The world record-holder and reigning world champion in the 200-meter butterfly, Phelps will display his growing versatility at the U.S. Open in East Meadow, N.Y., which starts today.

In addition to extending his domination of Tom Malchow, the Olympic champ in the 200 fly, Phelps is ready to make a statement in the individual medleys, where he wants to reel in Tom Dolan, the man regarded as the world's best all-around swimmer.

It will be Phelps' first meet as a pro, but will anyone outside the swim world notice? No television coverage of the meet is scheduled.

"Swimming is not really perceived as a professional sport, and Olympic athletes generally do not get the big bucks," said Noreen Jenny, the owner of Los Angeles-based Celebrity Endorsement Network. "They are limited by what they do in the Olympics. So much of it has to do with the person, how good they are in front of the camera."

Speedo vice-president Stu Isaac cited Phelps' appeal with young swimmers, but the swimmer hasn't limited his public speaking to pool rats. He has visited 9-year-olds at an inner city elementary school and senior citizens at a retirement home in Parkville, where one of the residents did some of the talking.
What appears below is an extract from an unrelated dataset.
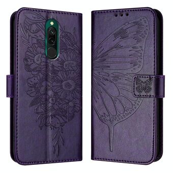 For Xiaomi Redmi 8 / 8A Embossed Butterfly Leather Phone Case(Dark Purple)

"I wore my baseball hat inside," Phelps said. "One guy raised his hand and said `Remove your cap, son.' I've had kids all excited to see me, but I've walked into senior centers, too. I talk about what I've done with life, talk about my accomplishments and my family."

Phelps has one foot in high school, where physics can be a chore, and another in the world of practice and public appearances. Recently he's been logging 75,000 meters a week - nearly seven miles of swimming a day. If NBAC coach Bob Bowman isn't chaperoning Phelps, his mother is. An administrator with the Baltimore County public schools, Debbie Phelps accompanied her son to Phoenix two weeks ago for a Speedo photo shoot.
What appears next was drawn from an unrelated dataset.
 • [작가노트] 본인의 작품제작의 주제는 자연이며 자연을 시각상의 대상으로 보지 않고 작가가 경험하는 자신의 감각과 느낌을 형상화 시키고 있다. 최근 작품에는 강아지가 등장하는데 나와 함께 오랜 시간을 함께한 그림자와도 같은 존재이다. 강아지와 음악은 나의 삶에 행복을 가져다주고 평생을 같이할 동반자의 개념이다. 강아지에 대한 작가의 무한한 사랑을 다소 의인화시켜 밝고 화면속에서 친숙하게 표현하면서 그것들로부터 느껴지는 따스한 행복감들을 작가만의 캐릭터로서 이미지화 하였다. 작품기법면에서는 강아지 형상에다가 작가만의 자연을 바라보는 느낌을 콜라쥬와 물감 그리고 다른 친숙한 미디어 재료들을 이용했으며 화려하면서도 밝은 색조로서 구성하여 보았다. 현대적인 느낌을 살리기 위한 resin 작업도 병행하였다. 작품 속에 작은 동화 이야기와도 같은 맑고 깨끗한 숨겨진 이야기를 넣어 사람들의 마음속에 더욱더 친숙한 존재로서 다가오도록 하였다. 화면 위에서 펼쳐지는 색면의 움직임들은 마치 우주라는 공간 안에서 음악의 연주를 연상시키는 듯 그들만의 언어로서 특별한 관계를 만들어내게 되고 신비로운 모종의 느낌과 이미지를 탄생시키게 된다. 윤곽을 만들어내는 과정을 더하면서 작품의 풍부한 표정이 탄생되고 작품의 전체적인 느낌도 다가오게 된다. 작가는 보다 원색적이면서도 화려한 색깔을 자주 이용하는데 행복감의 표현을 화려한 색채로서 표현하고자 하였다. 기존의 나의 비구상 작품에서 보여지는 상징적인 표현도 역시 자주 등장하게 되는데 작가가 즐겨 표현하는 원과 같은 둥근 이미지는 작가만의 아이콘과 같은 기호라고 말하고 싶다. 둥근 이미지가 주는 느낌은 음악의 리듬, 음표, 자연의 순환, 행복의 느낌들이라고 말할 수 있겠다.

Isaac and Phelps' representatives will not discuss details of the deal, but no American swimmers are in the realm of Ian Thorpe, who has turned Australia's obsession with water into earnings that have been estimated at $4 million annually. On the prize money front, a USA Swimming official said that Phelps can collect $25,000 for his world title, and as much as $10,000 for a world record.
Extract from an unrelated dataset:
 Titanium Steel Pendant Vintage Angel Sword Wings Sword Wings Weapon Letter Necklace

Before he turned pro, Phelps consulted Anita Nall, a former NBAC teammate who took the same route after she struck gold at the 1992 Olympics. Morgan set up a trust fund for Phelps' earnings.

"It's a considerable amount," Bowman said of the Speedo deal, "but not enough where Michael never has to worry about money again. It needs to be invested wisely. We have high expectations for Michael, but we're very pragmatic. We want to take care of his education and his long-term financial needs. He's not going to be driving an Escalade next week. He may want to, but it's not going to happen."

That would be putting the SUV before the driver's license. Five months past his 16th birthday, Phelps has yet to attend the driver's education required by Maryland. He does have his learner's permit, and asks whoever is shuttling him between home, school and the pool to move into the passenger seat. Or, he'll flag a ride with Matt Townsend, his best friend since before he went to the Olympics and set a world record.

"Nothing has changed," Phelps said, when asked about his life as a pro. "I'm still doing the thing I love every day."